CLAIMA20110727_0173 Shaun Botterill ÇATLAK. Andrés Escobar, Kolombiya futbolunun en iyi stoperlerinden biriydi.
Maç sonrası basın toplantısında konuşan Escobar, "Topun içeri girdiğini gördüğümde, yaptığım hatanın bizi öldüreceğini düşündüm" diyerek adeta uyarıcı bir ifade kullandı.
Escobar bir aile kaçamağı planlamıştı, ancak yüzünü göstermek istedi ve heyetle birlikte ülkesine geri döndü. Dünya Kupası'nda olanlardan hâlâ rahatsız olan Escobar, 2 Temmuz Cumartesi gecesi—onlara karşı atılan golden on gün sonra—kız arkadaşı Pamela Cascardo ve bazı arkadaşları onu memleketi Medellín'e gidip rahatlamaya ikna ettiler.

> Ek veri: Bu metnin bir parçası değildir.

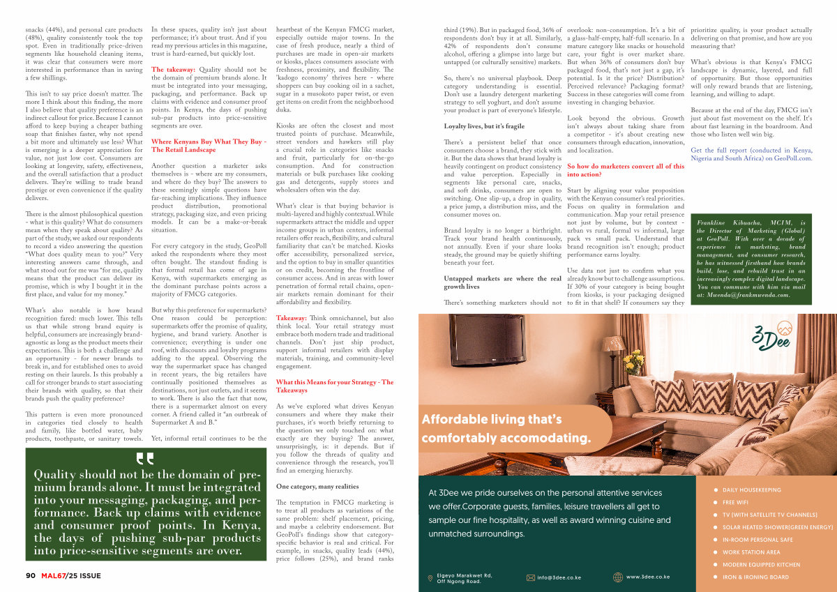 What’ s obvious is that Kenya ' s FMCG landscape is dynamic, layered, and full of opportunity. But those opportunities will only reward brands that are listening, learning, and willing to adapt.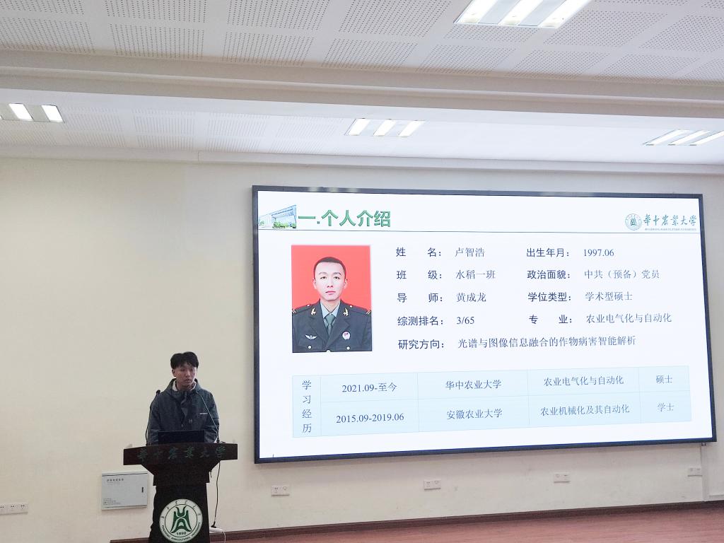 卢智浩自入学以来,伤病的复发对他的学习生活造成了很大影响,多次的住院已经使他身心疲惫,但是他最终克服了困难,没有落下自己的科研学习进度,他每周向导师开展汇报,将阅读的文献一一形成阅读报告,在查阅文献的过程中形成处理方法技术等总结性文档和表格。最终以第一作者发表SCI论文一篇,以第二作者和第三作者发表SCI论文两篇,登记软件著作权两项,并获得了三好研究生荣誉称号。分享科研学习经验时,他给同学们提出了几点建议,一是要尽可能的提高成绩,参加学术讲座,通过四六级,这些对我们将来的科研和就业都很重要。二是在学习之余积极参与志愿服务、文体活动,促进个人全面发展,主动参与党支部组织的党日活动,向优秀党员同志们学习。

Las Palmas Caddesi'ndeki El Indio gece kulübüne gitmeye karar verdiler. Yakındaki bir masadan bazı insanlar futbolcuyu taciz etmeye başladı, futbolcu da gidip kendisini rahat bırakmalarını istedi. Ona sözlü olarak saldıranlar, o dönemde Kolombiya'nın yenilgisine bahis oynayarak çok para kaybeden ve oyuncuyu kendi attığı gol için suçlayan iki büyük uyuşturucu baronu olan Gallón Henao kardeşlerdi .
Onu yuhalamaya devam ederken, Escobar ayrılmanın en iyisi olduğuna karar verdi. Arabasına vardığında, uyuşturucu kaçakçılarının sürücüsü Humberto Muñoz ona yaklaştı ve onu altı kez vurdu, her atışta "golazo" diye bağırdı ve bu da neredeyse anında hayatına son verdi. Andrés 27 yaşındaydı.
O dönemde Kolombiya'da, özellikle de Medellín'de sokaklar hâlâ uyuşturucu kaçakçılarının elindeydi; oysa şehrin uyuşturucu kartelinin korkutucu lideri Pablo Escobar , 2 Aralık 1993'te öldürülmüştü.
Bunlar, '94 Dünya Kupası'ndaki Rose Bowl'dan geriye kalan hikayeler ve bu Kulüpler Dünya Kupası, önümüzde yeni anılar bırakacağına söz veriyor. River, bunların mutlu hikayeler olmasını umuyor. Orada, bu yarışmadaki gelecekleri için önemli bir maç oynayacaklar.